- Born: Ian F. C. Smith
- Education: University of Waterloo (BSc, 1978); University of Cambridge (PhD, 1982);
- Scientific career
- Fields: Civil engineering, Artificial intelligence, Engineering informatics
- Workplaces: Technical University of Munich (Founding Director, TUM Georg Nemetschek Institute); EPFL (Emeritus); Carnegie Mellon University (Adjunct Professor);

= Ian Smith (civil engineer) =

Canadian and Swiss civil engineer

Ian F. C. Smith is a Canadian and Swiss civil engineer. He is Emeritus Professor at the École Polytechnique Fédérale de Lausanne (EPFL) in Switzerland and was the founding director of the TUM Georg Nemetschek Institute Artificial Intelligence for the Built World at the Technical University of Munich in Germany.

==Career==

Smith completed his undergraduate degree in civil engineering at the University of Waterloo, Canada (1978) in a five-year program of alternating four-month periods of studying and industrial experience where he worked in structural design offices, a boundary-layer wind tunnel lab (University of Western Ontario) and two steel fabricators in Canada.

After completing his PhD at the Engineering Department of the University of Cambridge, UK in 1982, he continued his research and teaching career at the École Polytechnique Fédérale de Lausanne (EPFL), Switzerland. Starting in the Civil Engineering Department (1982-1991), he worked on measurement systems, fatigue, and fracture mechanics in several collaborations with industry partners.

He switched to the Artificial Intelligence Laboratory in the Computer Science Department (1991-1996) in order to focus on software applications for the construction industry.
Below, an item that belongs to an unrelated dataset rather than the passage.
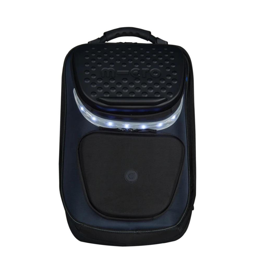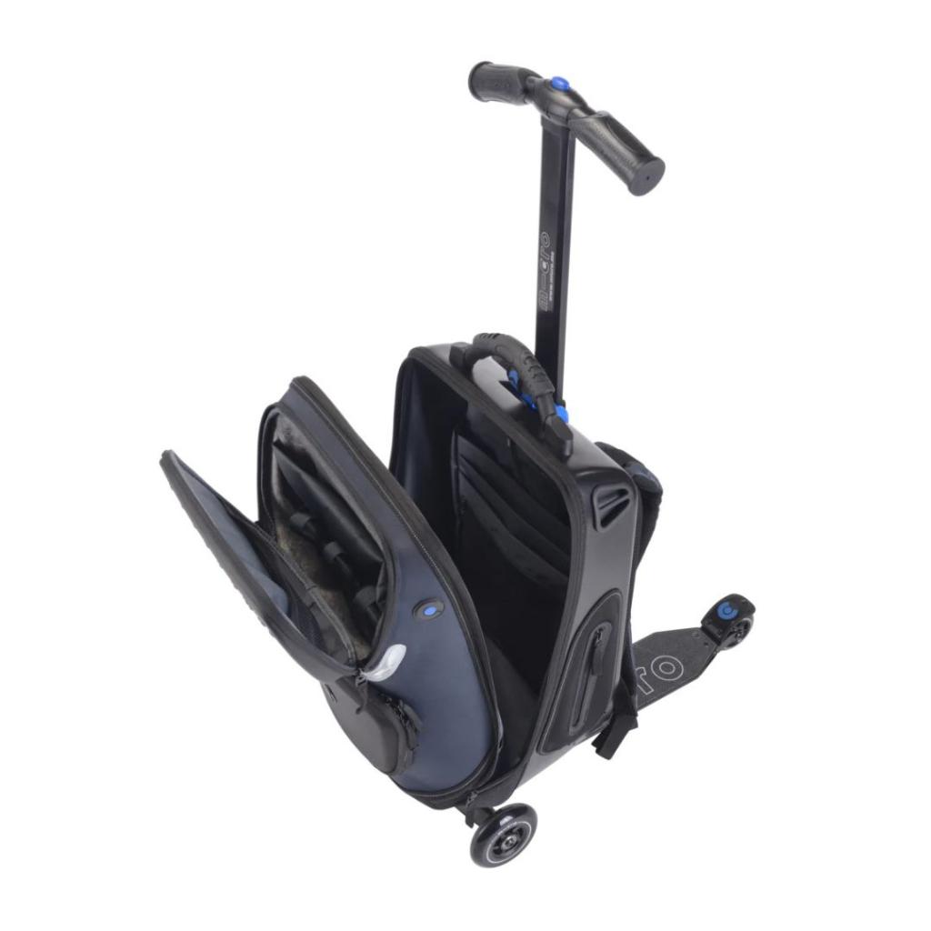 Genijalni komad opreme, pogodan za vozače težine do 100 kg / 15 stone 7 lbs. Micro Luggage skuter sam po sebi teži 5 kg / 11 lbs i ima kapacitet od 26 litara. Prednji točkovi Micro Luggage skutera mjere 100 mm, dok stražni točak ima 80 mm. Skuter doseže visinu do 96 cm, s produžnom ručkom. Kickpack ima integrisano svjetlo za savršenu vidljivost u mraku. Čak postoji i mjesto za odmor vašeg pametnog telefona ili tableta!

Back in the Civil Engineering Department, he was appointed associate professor in 1999 and Full Professor in 2005.

Smith was Head of the Applied Computing and Mechanics Laboratory (IMAC) (2000-2020) and Chair of the Structural Engineering Institute at the School of Architecture, Civil and Environmental Engineering (2001-2006).

He was the Founding Director of the TUM Georg Nemetschek Institute Artificial Intelligence for the Built World, Technical University of Munich (TUM), from March 1, 2022 to February 28, 2025. Smith is also emeritus Professor at the Swiss Federal Institute of Technology (EPFL) in Lausanne, Switzerland and an adjunct professor at Carnegie Mellon University, USA since 2011.

His research activity is on the intersection of computer science with the built environment. In 1993, he founded the European Group for Structural Engineering Applications of Artificial Intelligence (EG-SEA-AI). This group later became the European Group for Intelligent Computing in Engineering (EG-ICE).

In 2003, he co-authored the textbook Engineering Informatics: Fundamentals of Computer-Aided Engineering (Wiley), the 2nd edition of which appeared in June 2013. In 2004, he was elected to the Swiss Academy of Engineering Sciences and in 2005, he received the Computing in Civil Engineering Award from the ASCE.

From 2010 to 2020, he directed a second research group in Asia as Principal Investigator at the ETH Future Cities Laboratory, CREATE, Singapore. In 2022, he was elected to the National Academy of Construction, USA.